Medio minuto de silencio.

– Señor periodista, ¿no irá a transmitir las imágenes que grabaron hoy, correcto?

– No. Eso será mañana. No se preocupen, prepararemos un reportaje corto y rutinario, sin mencionar ni mostrar la mayoría de detalles de la escena del crimen.

– Sólo informe que hallamos los cuerpos de los científicos belgas desaparecidos hace poco, en tal lugar.

– De acuerdo, teniente.

– Por favor hágame una copia de la cinta. Quiero continuar revisándola.

– Está bien.

– ¿Nativos satánicos?

– Así parece.

– ¡No me jodan, por la puta madre!

– Suena ilógico, lo sé.

– Esa cruz. ¿Qué significa?

– Es el símbolo alquímico del azufre. Representa a Satanás, es como el sello o la firma del diablo.

– Lo que faltaba. Que el mismo Satán sea uno de los sospechosos.

– Voy a investigar más sobre ello.

– ¿Qué carajos está pasando aquí?

                                                                                   14.


El siguiente día era domingo y obviamente nos lo tomamos libre, sin siquiera preguntar. Sólo grabaríamos una nota corta para enviar antes de las seis. El guion y la columna estaban listos desde la noche anterior.

Esa madrugada salimos de la comisaría a eso de las dos, pero recién pude dormir bien entrado el día. Después de almorzar tarde lo que quedaba en el tugurio de la esquina, me sentía realmente cansado, en un estado como de fastidio, nervioso, y una incómoda ansiedad que me estaba volviendo loco.
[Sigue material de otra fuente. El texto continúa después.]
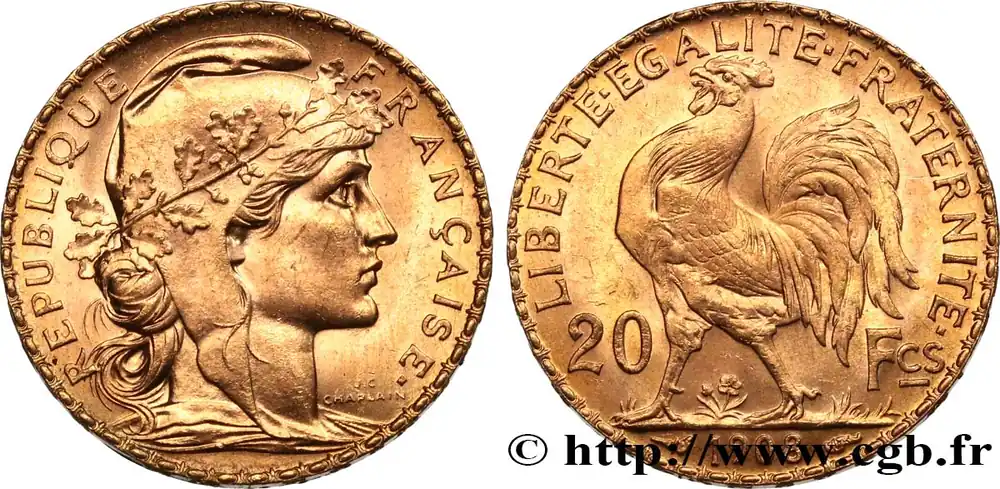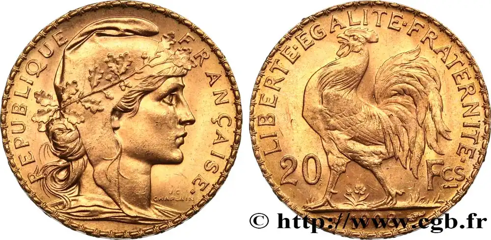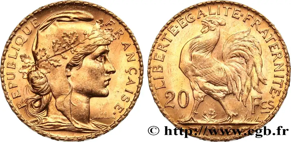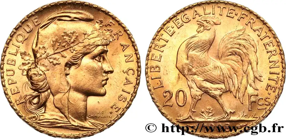 Type : 20 francs or Coq, Liberté Égalité FraternitéDate : 1914Nom de l’atelier/ville : ParisQuantité frappée : 6720141Métal : orTitre en millième : 900 ‰Diamètre : 21 mmAxe des coins : 6 h.Poids : 6,45 g.Tranche : inscrite en relief +* LIBERTE +* EGALITE +* FRATERNITE *+Référence ouvrage :Classement FRANC 2023 / FRANC 2023 classificationF.535/8AversTitulature avers : REPUBLIQUE – FRANÇAISE..Description avers : Buste de Marianne drapée à droite, coiffée du bonnet phrygien décoré d’une branche de chêne ; signé J.C. CHAPLAIN devant le cou.ReversTitulature revers : LIBERTE EGALITE FRATERNITE // 20 – FCS // 1914.Description revers : Coq passant à gauche, date à l’exergue.HistoriqueOR, PALLADIUM ET PLATINE INVESTISSEMENTSécurisez et diversifiez votre épargne avec les métaux précieux :Dans un contexte d’instabilité politique et économique croissante, diversifier son épargne peut être une démarche judicieuse. Les métaux précieux comme l’or, le palladium et le platine constituent des actifs tangibles souvent prisés en raison de leur caractère intemporel et de leur résilience face aux fluctuations des marchés.Pour répondre à des besoins variés, l’achat de pièces officielles en or, palladium ou platine est une option flexible et adaptée. Ces pièces, disponibles à l’unité ou en lot, permettent à chacun d’ajuster ses choix selon ses objectifs et son budget, sans engagement à long terme.Un processus simple et sécurisé :Nous proposons une livraison sécurisée et garantie. Les paiements peuvent être effectués par carte bancaire ou par virement, bien que certaines transactions puissent nécessiter un règlement exclusivement par virement bancaire. Une pièce d’identité valide (carte nationale d’identité ou passeport) sera demandée pour finaliser votre achat.Stockage en toute sécurité et confidentialité :Le département Investissement de CGB Numismatique Paris met à votre disposition des solutions de stockage offrant une sécurité renforcée et une confidentialité optimale pour vos achats en or, palladium et platine.Contactez-nous pour plus d’informations :Pour toute question ou pour passer commande, prenez contact avec notre responsable des achats/ventes de métaux précieux : par email à [email protected] ou par téléphone. Nous mettons à votre disposition des informations générales et des services pour vous accompagner dans vos projets d’investissement.CGB Numismatique Paris agit en tant que fournisseur de métaux précieux et ne fournit aucun conseil en investissement. La valeur des métaux précieux peut fluctuer, et les performances passées ne garantissent pas les résultats futurs. L’achat de métaux précieux doit être considéré comme une stratégie de préservation de valeur plutôt qu’un investissement spéculatif. Conformément à l’article L.221-28 du Code de la consommation, le droit de rétractation ne s’applique pas aux achats d’or d’investissement, dont le prix dépend des fluctuations des marchés financiers.

Y no se debía a la larga caminata del día anterior. Lógico que lo visto unas horas atrás me había impresionado bastante, a pesar de que por mi trabajo estaba acostumbrado a ver cosas realmente grotescas.

Charly se apareció ebrio diez minutos antes de las seis, grabamos rápido y cuando estaba por subir a la habitación a desplomarme al amparo del aire acondicionado, me preguntó si quería acompañarlo al bar, que se notaba que necesitaba unos tragos, y que había conocido a un par de chicas, que no estaban tan mal. Sin pensarlo mucho le dije que ya. Subimos a dejar los equipos, Charly se roleó un troncho mientras me duché una vez más, y salimos con las mismas.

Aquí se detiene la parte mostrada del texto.